En effet, depuis l’arrêt Pain du 1er juillet 2009 et plus récemment avec les deux décisions du 8 juin 2011, la Cour de cassation a décidé que les dispositions conventionnelles catégorielles devaient désormais reposer sur des raisons objectives dont le juge doit contrôler concrètement la réalité et la pertinence. Elle a précisé que repose sur une raison objective et pertinente la stipulation d’un accord collectif qui fonde une différence de traitement sur une différence de catégorie professionnelle, dès lors qu’elle a pour objet ou pour but de prendre en compte les spécificités de la situation des salariés relevant d’une catégorie déterminée, tenant notamment (mais pas exclusivement) aux conditions d’exercice des fonctions, à l’évolution de carrière ou aux modalités de rémunération.


Dans ses arrêts de juin 2011, la Haute cour a ainsi donné aux juges du fond une grille d’analyse permettant de contrôler si les dispositions conventionnelles ne heurtaient pas le principe d’égalité de traitement. Se posait alors la question de savoir comment cette méthodologie allait être appréciée par les juges du fond et quelles pouvaient être à terme les conséquences sur les accords collectifs.
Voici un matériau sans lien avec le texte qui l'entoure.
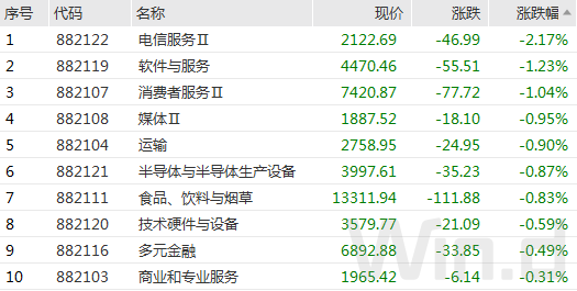 从下跌板块来看,电信服务、软件与服务、消费者服务、媒体、运输等板块跌幅居前。

Dans ce cadre, le jugement du TGI de Paris du 29 novembre 2011 a particulièrement retenu notre attention. En effet jusqu’à présent, les contentieux étaient circonscrits à des demandes individuelles visant pour un salarié à obtenir un avantage plus favorable prévu dans l’accord collectif pour une autre catégorie de personnel.


Mais devant le TGI de Paris c’est un autre enjeu qui se jouait, celui d’une convention collective de branche. En effet, et pour la première fois deux organisations syndicales (la CGT et la CFDT) ont décidé de contester devant le juge plusieurs articles de la convention collective de branche SYNTEC (Personnel des Bureaux d'Études Techniques, des Cabinets d'Ingénieurs-Conseils et des Sociétés de Conseils) sur le fondement de l’égalité de traitement entre cadres et non cadres.


En l’espèce, il s’agissait des articles relatifs à la durée du préavis, l’indemnité de licenciement, le paiement du travail habituel de nuit, du dimanche et des jours fériés, l’indemnité complémentaire pour incapacité temporaire de travail, les moyens de transport pour les déplacements professionnels.


Une démarche inédite et pour le moins dangereuse puisque comme l’indique le TGI de Paris, des dispositions considérées comme contraires à l’égalité de traitement ne pouvaient qu’être annulées, les partenaires sociaux devant alors en tirer toutes les conséquences. Le prononcé de l’illicéité des clauses et leur annulation emportait le risque de priver les salariés des avantages prévus par l’accord de branche, et ainsi de les faire basculer vers les dispositions minimales du code du travail existantes ou non en la matière.


Respectant le mode d’emploi de la Haute cour, le TGI de Paris a procédé à une analyse in abstracto détaillée de chacun des avantages contestés afin de déterminer si ces mesures conventionnelles étaient justifiées au regard de la spécificité de la situation des salariés cadres. Considérant ainsi que les différences étaient fondées sur la nature des missions, les conditions d’exercice des fonctions, le montant et la composition de la rémunération de ces catégories, il n’y avait pas d’atteinte au principe d’égalité, le TGI de Paris a donc débouté intégralement les deux syndicats de leurs demandes, validant ainsi les dispositions conventionnelles de la convention collective SYNTEC.


Au-delà de ce jugement, qui par ailleurs est frappé d’appel, il reste à souligner que le débat est encore loin d’être clos. L’examen des raisons objectives s’effectue toujours avantage par avantage, et ne tient donc pas compte du caractère global de l’accord collectif et de l’équilibre obtenu. C’est encore une fois le sens des prochaines décisions rendues qui déterminera les actions à entreprendre pour sécuriser les avantages conventionnels catégoriels.